Un livre sanctionnant 10 ans de recherches et d'investigations dans la ville de Sétif. Kamel Beniaïche, à travers ce livre qu'il vient de publier, a pu recueillir les témoignages d'un grand nombre de rescapés des massacres du 8 Mai 1945. Il est parti à la recherche des victimes oubliées.
- Dans votre livre Sétif, la fosse commune, massacres du 8 Mai 1945, édité chez El Ibriz, vous rapportez méticuleusement une grande partie d'une histoire occultée, peu reconnue...
Après plus de 70 ans, la boucherie qui a été perpétrée à huis clos demeure toujours d'actualité car elle n'a pas divulgué tous ses secrets. Longtemps rattachés uniquement à Sétif, Guelma et Kherrata, les massacres n'ont épargné aucune contrée des Hauts-Plateaux sétifiens où chaque centimètre en est témoin. Eludées des décennies durant, les souffrances de Bouhira, Maouane, Elkharba, Bougaa, Aïn El Kebira, Beni Aziz, Melbou, Aoakas, Bouandas, Amoucha, Ziama Mansouriah, Beni Fouda, Ouricia, Aïn Abassa, Tizn Bechar sont objectivement consignées dans cette ouvrage.
A Bordj Bou Arréridj et El Eulma, où le mouvement national a défié l'autorité coloniale, aucun Européen n'a été violenté ce jour-là, alors que des citoyens des villes précitées ont été arrêtés, torturés et liquidés sans aucun jugement. Les exemples ne manquent pas. Dire que les massacres d'Européens ont engendré la répression est une grossière contrevérité.
Occultés, l'implication des milices, les exécutions sommaires, les supplices des collégiens d'Eugene Albertini (actuel lycée Mohamed Kerouani), des fonctionnaires, des orphelins, la duplicité de la presse de l'époque sont déterrés ainsi l'histoire de la vraie-fausse «insurrection», de l'accusation du leader des Amis de manifeste et de la liberté (AML), Ferhat Mekki Abbas. Désormais, ces points et beaucoup d'autres vérités crues ne sont plus une vue d'esprit…
- Depuis combien de temps avez-vous travaillé sur ce livre ? Merci de préciser comment vous avez commencé et quelle a été votre méthode de travail : recherches, interviews, enquêtes...
A l'antipode des récits des victimes n'éprouvant aucune haine à l'égard de leurs bourreaux et tortionnaires, des écrits militants et idéologiques, pléthoriques en contrevérité, m'ont poussé à m'intéresser de très près à un drame qui a endeuillé ma ville, ma région et mon pays.

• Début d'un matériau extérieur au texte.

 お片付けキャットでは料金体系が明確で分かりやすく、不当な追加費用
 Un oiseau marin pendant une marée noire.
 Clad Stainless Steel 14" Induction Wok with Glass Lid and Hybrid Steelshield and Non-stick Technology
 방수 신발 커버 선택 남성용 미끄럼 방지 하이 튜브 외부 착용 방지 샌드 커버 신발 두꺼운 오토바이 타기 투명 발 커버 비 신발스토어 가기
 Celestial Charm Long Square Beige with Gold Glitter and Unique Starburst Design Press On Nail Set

Avant que ne disparaissent les faiseurs de l'histoire qui n'ont jamais parlé, je devais faire quelque chose. Il était donc de mon devoir d'écouter les acteurs, les témoins et les victimes, rien que pour transmettre la mémoire.

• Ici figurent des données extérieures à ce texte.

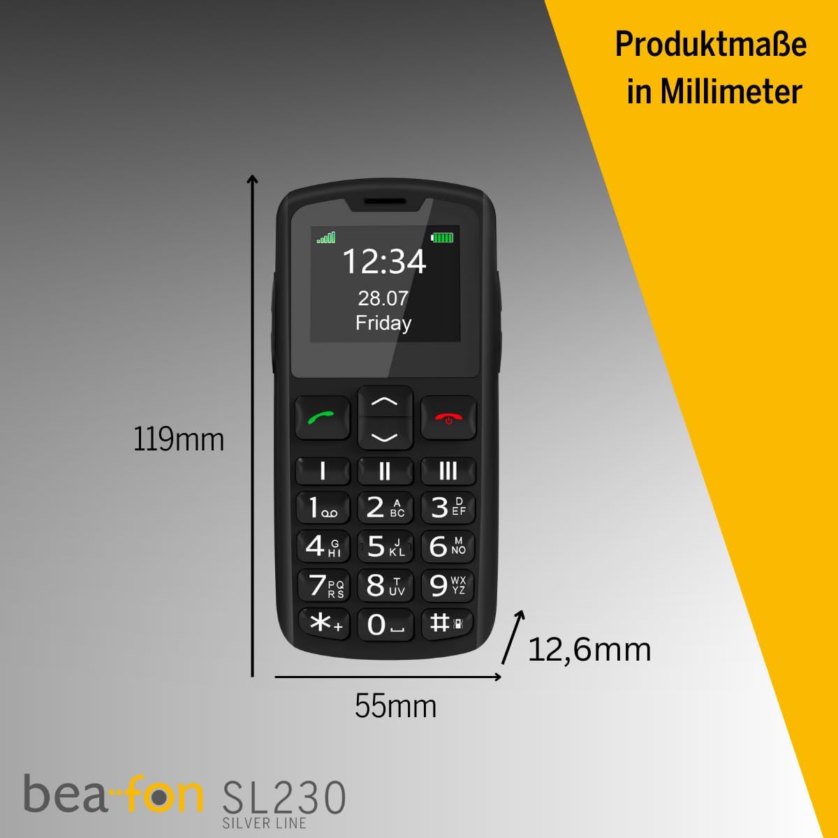 Beafon, SL230, Silver Line, Мобилен телефон за възрастни хора с бутон за спешни случаи, Бутонен мобилен телефон, 1,8-инчов (4,52 см) цветен дисплей, Големи цифри
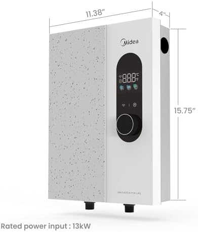 Midea 13KW Electric Tankless Water Heater, Touch Control, Wi-Fi Control, LED Display, Child Mode, 240 Volts with Automatic Power Modulation, On-demand Hot Water, White
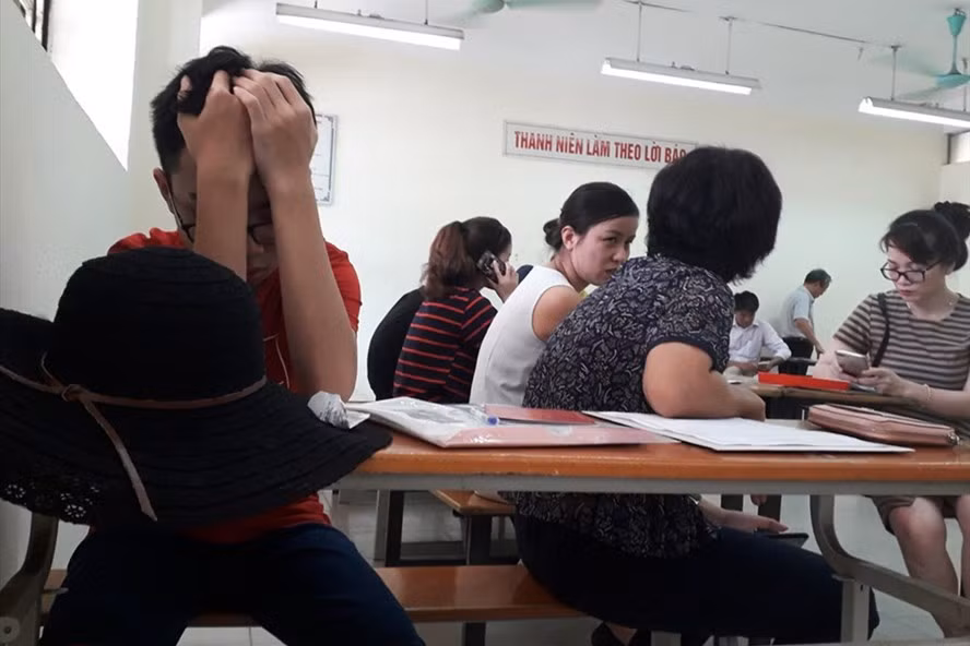 | Phụ huynh chờ đợi xét hồ sơ cho con sau khi nhiều trường ở Hà Nội hạ điểm chuẩn lớp 10. |

Pour réaliser une bonne enquête, je décide en 2005 de sillonner les coins et recoins du pays profond où je découvre des gens extraordinaires et des paysages sublimes. Parlant pour la première fois, des témoins, dont certains d'entre eux ont passé plus de 17 ans derrière les barreaux, apportent une pierre à l'édifice, sans haine, ni rancune ou rancœur. Mes interlocuteurs n'éludent ni la pression subie ni les actes commis.
Pour conforter ce travail, j'ai consulté des livres, des coupures de journaux et des archives d'une incommensurable valeur historique. Après donc 11 ans de recherche, je présente mon travail à des universitaires mus par l'unique devoir de vérité, ainsi qu'au professeur Gilles Manceron qui a accepté de lire, d'analyser et de préfacer ce document qui n'a pas hiérarchisé les morts. Puisqu'on a non seulement nommé les victimes européennes mais aussi évoqué leur sort.

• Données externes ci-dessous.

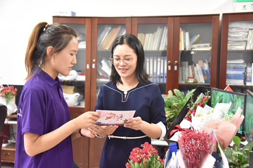 法学院辅导员平凯说:“今天是我入职后的第一个教师节,去年今天,我还在给我的老师送贺卡,今年今天就收到了学生给我的贺卡,这种感觉妙不可言”。
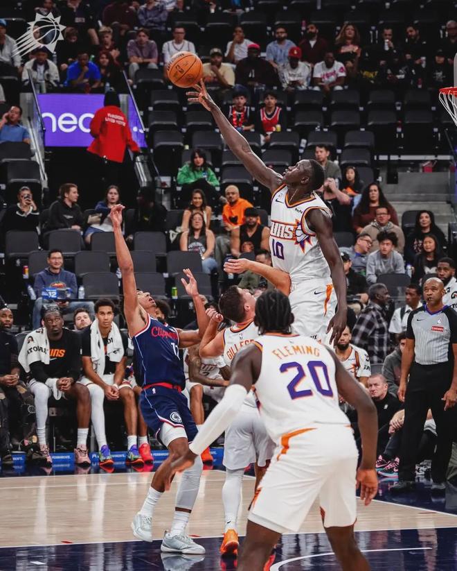 10号秀马卢阿奇是2025届选秀顺位最高的中锋,在太阳只出战了2场常规赛,场均出战8.5分钟,得到3.5分1篮板0.5助攻0.5失误。投篮命中率33.3%,三分命中率0%,罚球命中率83.3%。今年季前赛,他场均9.5分5.3篮板1助攻。
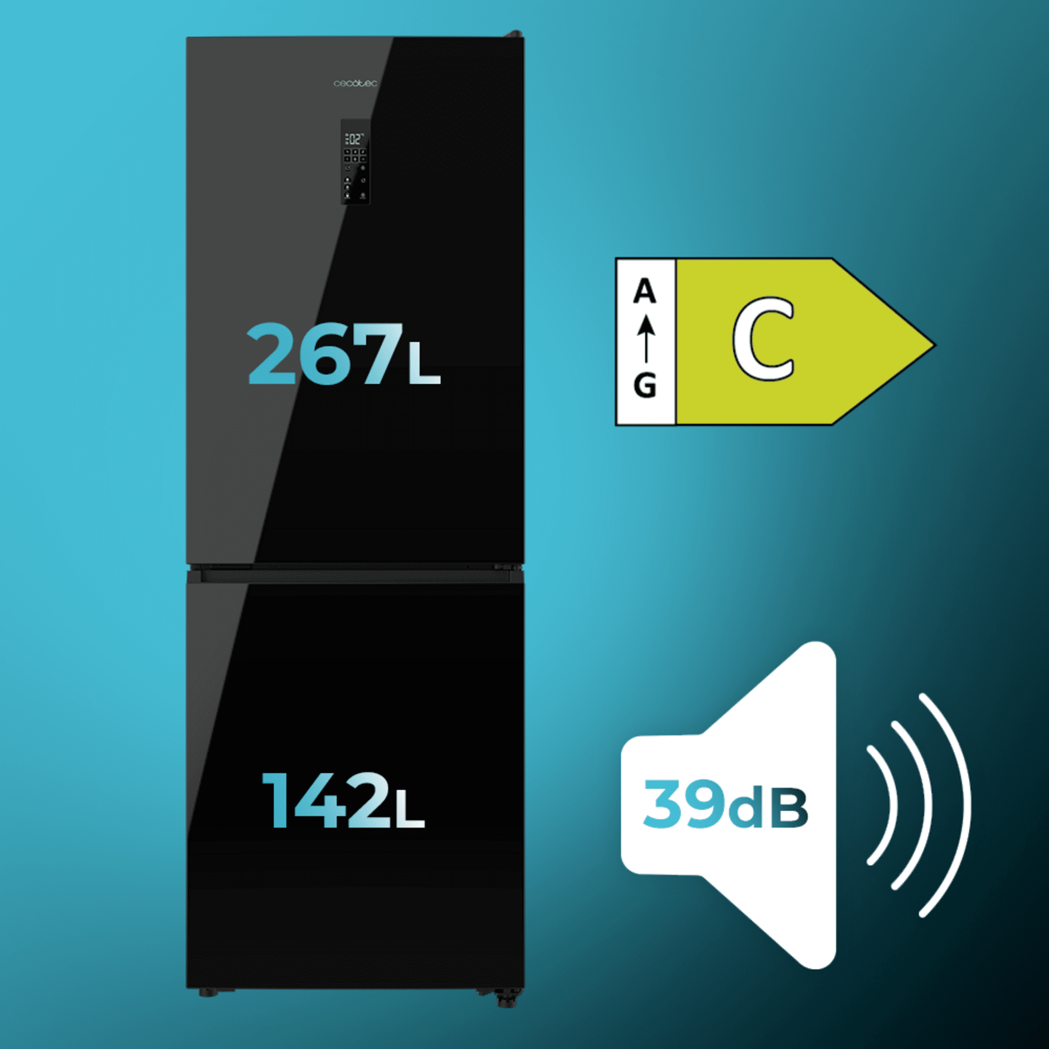 Frigorífico Combi Cristal Negro, MAX INSIDE con VIP tech, Cool Matrix, Cajón Temp. Variable, Total No Frost, Compresor Inverter Plus, 409 L, Clase C, 185×59,5cm.
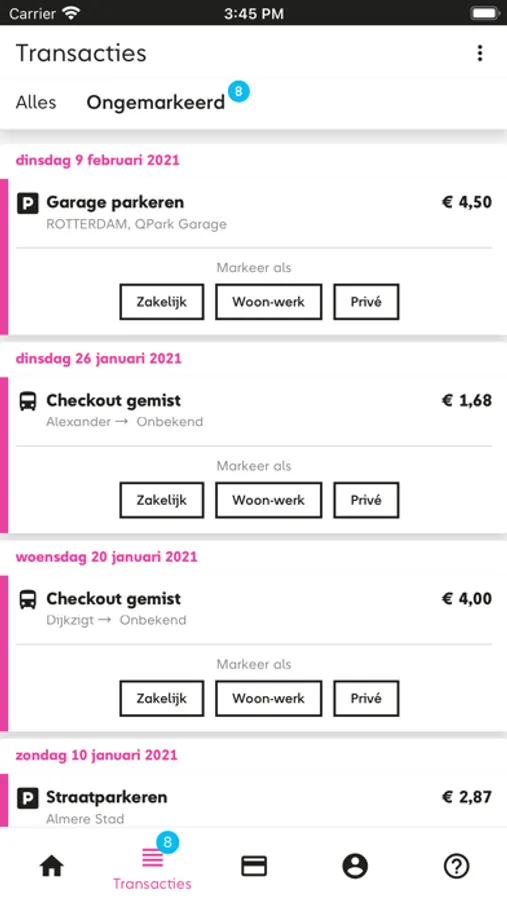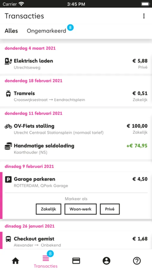 In de WijMobiel app vind je al jouw gemaakte ritten en transacties. Je kan, wanneer jouw werkgever dat graag wil, ze hier ook kenmerken als woon-werk, zakelijk of privé.
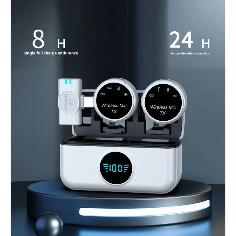 S5 Wireless Microphone Magnetic Lavalier Microphone with Charging Case 2.4G DSP Noise Cancelling Microphone 24H Battery Type-C Interface Transceiver for iPhone Android YouTube TikTok
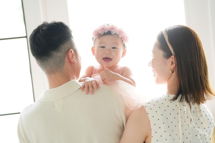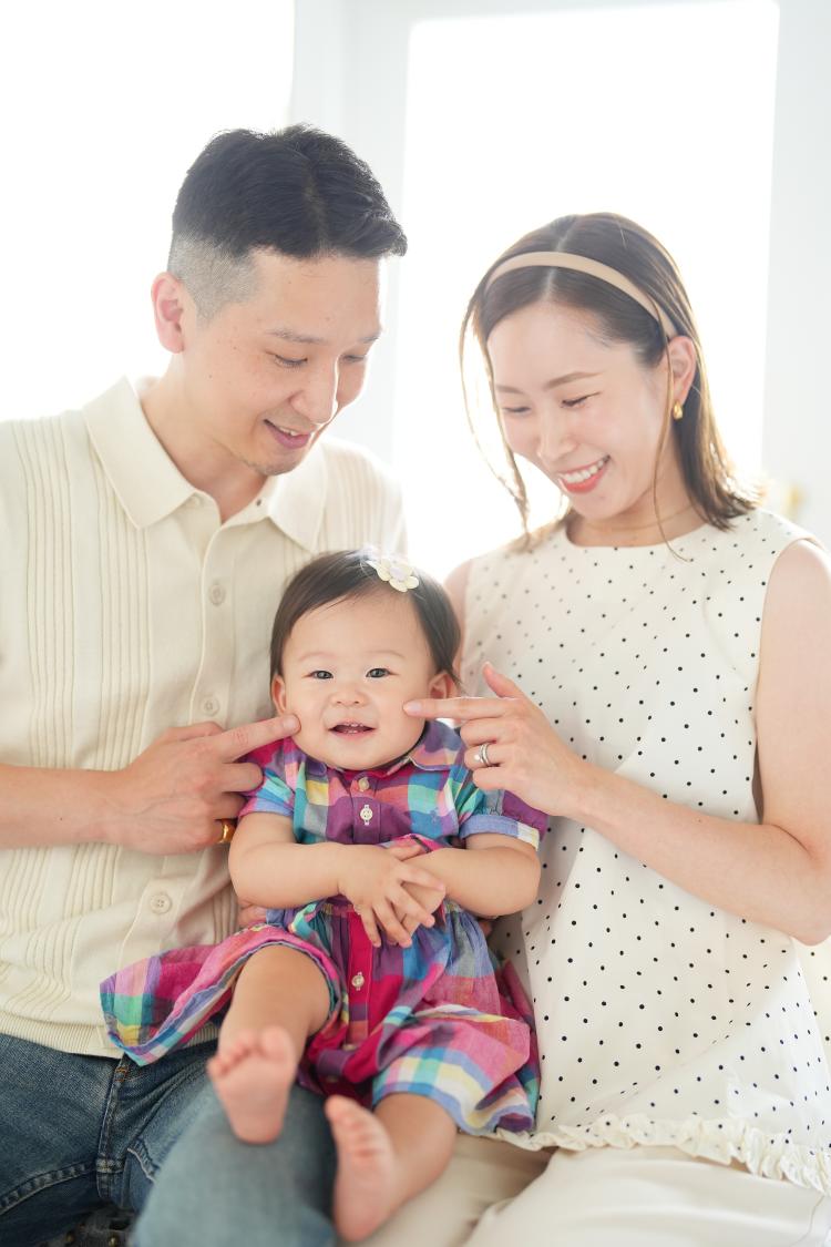 はじめは緊張するのかな?と思いきや、パパとママに囲まれてすぐに笑顔を見せてくれました!
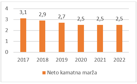 Neto kamatna marža, odnosno razlika između kamatnih stopa na kredite i kamatnih stopa na depozite, je na istom nivou posljednje tri godine i iznosi 2,5%. U periodu 2017-2020. godina zabilježen je trend smanjenja kamatne marže, što je ukazivalo na smanjenje troškova finansijskog posredovanja.
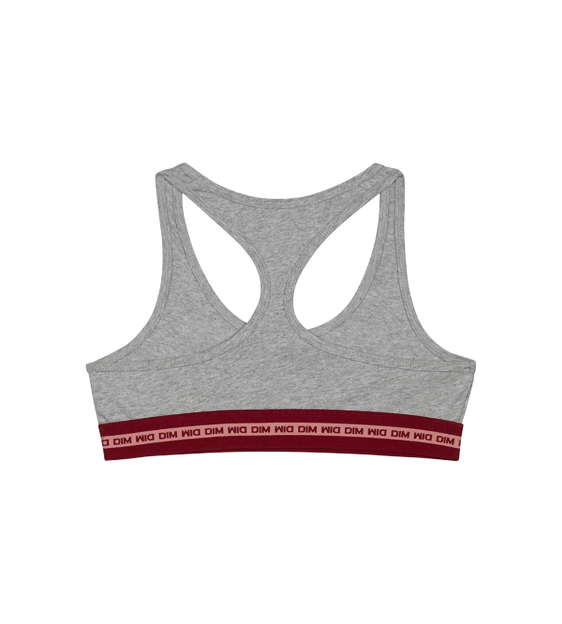 Con su look atlético y casual, el sujetador de niña de algodón stretch Dim Sport Gris Chiné Burdeos y logo brillante combina rendimiento y coquetería

- Votre livre est une mine d'or et beaucoup de témoignages sont inédits, certains édifiants, d'autres dramatiques. Qu'est-ce qui a été le plus difficile pour vous dans la collecte de ces récits ?
Ce n'est pas du tout évident pour un journaliste de l'intérieur du pays de reconstituer une infime partie d'un gigantesque puzzle. Le recensement des victimes à Sétif-ville et ailleurs a été et demeure une mission difficile. A ce propos, un travail titanesque attend les historiens ainsi que les spécialistes de ce pan de notre histoire contemporaine. Le bouche-à-oreille et l'implication de quelques amis, qui ont cru à ma démarche, m'ont permis de trouver des traces, de récolter des témoignages inédits et de nouer des liens avec des femmes et des hommes d'une grande générosité.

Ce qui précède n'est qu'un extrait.